This explorative notebook intends to shine some light on the different modes of feeding documents to Vespa.
We will look at these different methods:

1. Using `feed_iterable()`.
2. Using `feed_iterable_async()`
3. Using Vespa CLI[TODO:Link].


<div class="alert alert-info">
    Refer to <a href="https://pyvespa.readthedocs.io/en/latest/troubleshooting.html">troubleshooting</a>
    for any problem when running this guide.
</div>


[Install pyvespa](https://pyvespa.readthedocs.io/) and start Docker Daemon, validate minimum 6G available:


In [1]:
#!pip3 install pyvespa
#!docker info | grep "Total Memory"

## Deploy the Vespa application

Deploy `package` on the local machine using Docker,
without leaving the notebook, by creating an instance of
[VespaDocker](https://pyvespa.readthedocs.io/en/latest/reference-api.html#vespa.deployment.VespaDocker). `VespaDocker` connects
to the local Docker daemon socket and starts the [Vespa docker image](https://hub.docker.com/r/vespaengine/vespa/).

If this step fails, please check
that the Docker daemon is running, and that the Docker daemon socket can be used by clients (Configurable under advanced settings in Docker Desktop).


## Create an application package

The [application package](https://pyvespa.readthedocs.io/en/latest/reference-api.html#vespa.package.ApplicationPackage)
has all the Vespa configuration files -
create one from scratch:


In [None]:
%load_ext autoreload
%autoreload 2

In [2]:
from vespa.package import (
    ApplicationPackage,
    Field,
    Schema,
    Document,
    FieldSet,
)

package = ApplicationPackage(
    name="pyvespafeed",
    schema=[
        Schema(
            name="doc",
            document=Document(
                fields=[
                    Field(name="id", type="string", indexing=["summary"]),
                    Field(name="text", type="string", indexing=["summary"]),
                ]
            ),
            fieldsets=[FieldSet(name="default", fields=["text"])],
        )
    ],
)

Note that the name cannot have `-` or `_`.


In [3]:
from vespa.deployment import VespaDocker

vespa_docker = VespaDocker()
app = vespa_docker.deploy(application_package=package)

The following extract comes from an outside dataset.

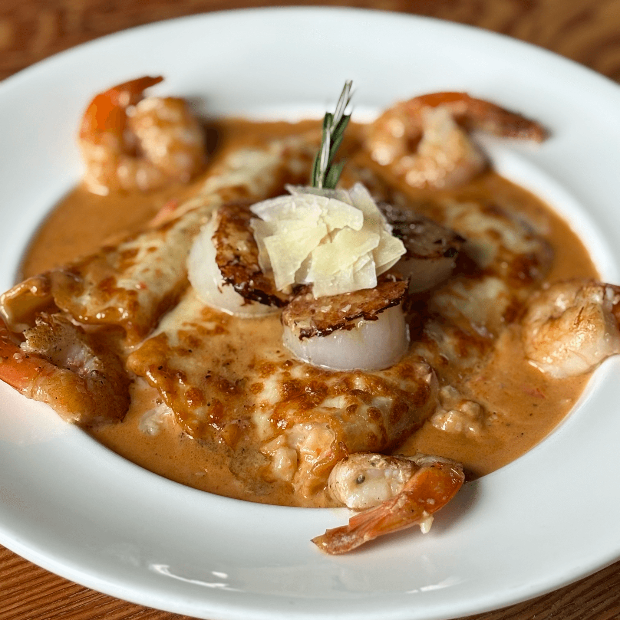 Fresh sea scallops, garlic shrimp, three blue crab & five cheese stuffed lobster Newburg. Add garlic ciabatta toast for additional charge.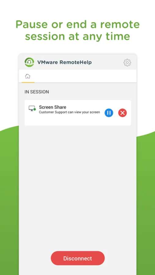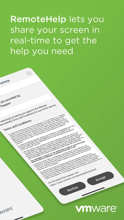 VMware RemoteHelp™ is a remote support app that enables you to securely share your screen with customer support agents in real-time. To launch a remote session, simply download the app and enter the 4-digit pin provided by the support rep. You can pause or end remote sessions at any time.

Waiting for configuration server, 0/300 seconds...
Waiting for configuration server, 5/300 seconds...
Using plain http against endpoint http://localhost:8080/ApplicationStatus
Waiting for application status, 0/300 seconds...
Using plain http against endpoint http://localhost:8080/ApplicationStatus
Waiting for application status, 5/300 seconds...
Using plain http against endpoint http://localhost:8080/ApplicationStatus
Waiting for application status, 10/300 seconds...
Using plain http against endpoint http://localhost:8080/ApplicationStatus
Application is up!
Finished deployment.


`app` now holds a reference to a [Vespa](https://pyvespa.readthedocs.io/en/latest/reference-api.html#vespa.application.Vespa) instance.


## Preparing the data

In this example we use [HF Datasets](https://huggingface.co/docs/datasets/index) library to stream the
["Cohere/wikipedia-2023-11-embed-multilingual-v3"](https://huggingface.co/datasets/Cohere/wikipedia-2023-11-embed-multilingual-v3) dataset and index in our newly deployed Vespa instance.

The dataset contains wikipedia-pages, and their corresponding embeddings.

> For this exploration

The following uses the [stream](https://huggingface.co/docs/datasets/stream) option of datasets to stream the data without
downloading all the contents locally. The `map` functionality allows us to convert the
dataset fields into the expected feed format for `pyvespa` which expects a dict with the keys `id` and `fields`:

`{ "id": "vespa-document-id", "fields": {"vespa_field": "vespa-field-value"}}`


In [39]:
from datasets import load_dataset

dataset = load_dataset(
    "Cohere/wikipedia-2023-11-embed-multilingual-v3",
    "ext",
    split="train",
    streaming=False,
)
vespa_feed = dataset.map(
    lambda x: {"id": x["_id"] + "-iter", "fields": {"text": x["text"]}}
)
vespa_json_feed = vespa_feed.map(
    lambda x: {
        "put": f"id:pyvespa-feed:doc::{x['_id']}-json",
        "fields": {"text": x["text"]},
    }
)

Downloading data: 100%|██████████| 212M/212M [00:12<00:00, 17.3MB/s] 
Downloading data: 100%|██████████| 213M/213M [00:14<00:00, 14.9MB/s] 
Downloading data: 100%|██████████| 214M/214M [00:13<00:00, 16.1MB/s] 
Downloading data: 100%|██████████| 212M/212M [00:12<00:00, 17.2MB/s] 
Downloading data: 100%|██████████| 211M/211M [00:12<00:00, 16.8MB/s] 
Downloading data: 100%|██████████| 208M/208M [00:12<00:00, 16.5MB/s] 
Downloading data: 100%|██████████| 98.4M/98.4M [00:05<00:00, 17.2MB/s]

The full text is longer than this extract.